I ask him how he is and he tells me his life isn’t glamorous like my life. As if my life is somehow suffused uniquely with meaning (it isn’t). He runs me through a regular day. Tells me he’s happy. There is no detail. No side trips to a silly story and no candy coat. Instead he gives me a clinical list. He went to slot A, he works on his project slot B, and he functions like slot C. He is the IKEA of humans. Some assembly of his life required. Maybe when I finish making sense of him I’ll have some pieces missing or maybe I’ll have some extra pieces.
But I still won’t have him. So at least some things haven’t changed.
And I know that the past is past and maybe even the past isn’t the past. The past is our memory of it, never quite the way it was. All those edges shaved off and all those fights and festivities narrowed down to blips and dots instead of blow outs and cliffhangers. The bright gets brighter and the dim fades into nothingness. We keep reaching for each other because we remember something, a spark. A sameness. We remember it’s complicated and I miss you and I will always be here. But I think maybe we remember them wrong.

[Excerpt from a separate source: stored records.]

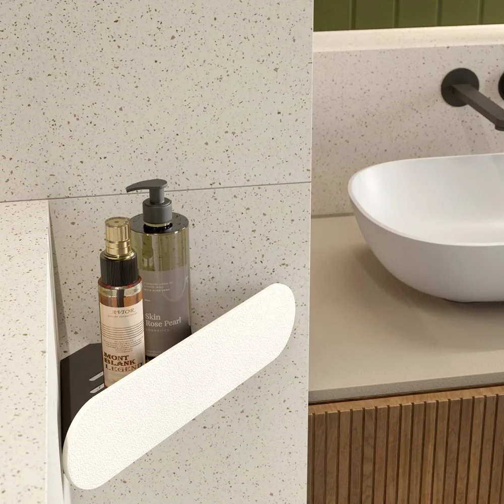 With its floating design, the Box Shelf 1 seamlessly integrates into contemporary interiors, creating a visual float that enhances the sense of space. Its moisture-resistant surface ensures durability and easy cleaning, making it a functional and stylish addition to modern bathrooms — whether installed beside mirrors, above baths, or as part of a storage centrepiece.
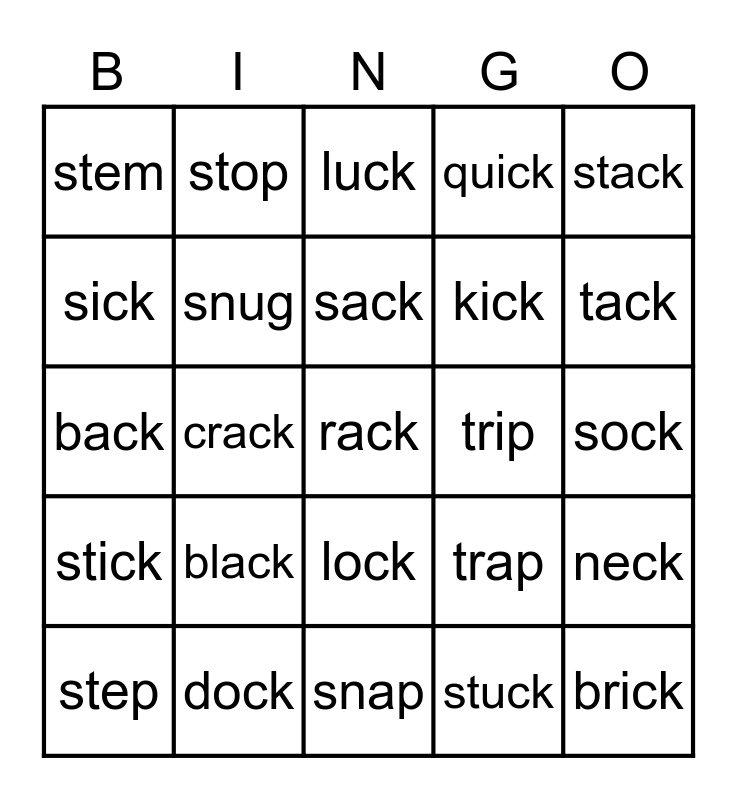This bingo card has 25 words: black, snap, sack, step, stack, stem, sick, stop, trip, lock, kick, back, trap, neck, snug, brick, sock, luck, tack, crack, rack, dock, stick, quick and stuck.
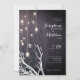 Convocação De Casamento Do Branch Branco De Corda Vertical Cristal. O Moderno Elegante Winter e a design de outono apresentam galhos manzanitas brancos e pretos com cordas de cristal sobre um fundo de pedra verde-roxa. Personalize-o com seus detalhes e exclua ou adicione textos.
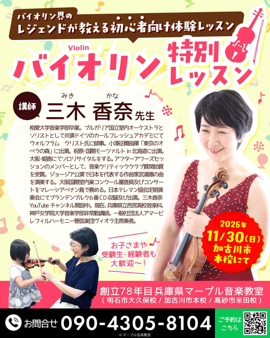 2025年10月26日(日)初心者や小さいお子さま大歓迎‼️神戸女学院音楽科講師、兵庫県立西宮高校講師の三木香奈先生の初心者向け特別レッスンのお知らせです♪
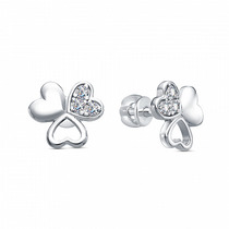 Серьги-пусеты Цветок из серебра с фианитами родированные 925 пробы 12-1846р

Because the question doesn’t seem to be “how have you been” because I don’t care how he’s been, I want to know who he is now. I want to rip into him the way I used to. A merciless carrion who could rend just the right strips of flesh from his body and taste down to the marrow of him. Except that isn’t who we are any more. He is an ocean away, a dream, a memory of an echo of a memory. I do not know how he is because I didn’t live through it with him. I lived and he lived, it’s true, and we have both been. Been somewhere. Been separate. Been distant. Been other.
And yet, I hope he writes to me again. Even if it is three, five, ten years from now. I hope he is on vacation and his wife is asleep and he grows bored enough to write to me “how have you been” so I can tell him that I have been without. That despite it all I have missed him. Even though I have missed everything, it is true that I have been.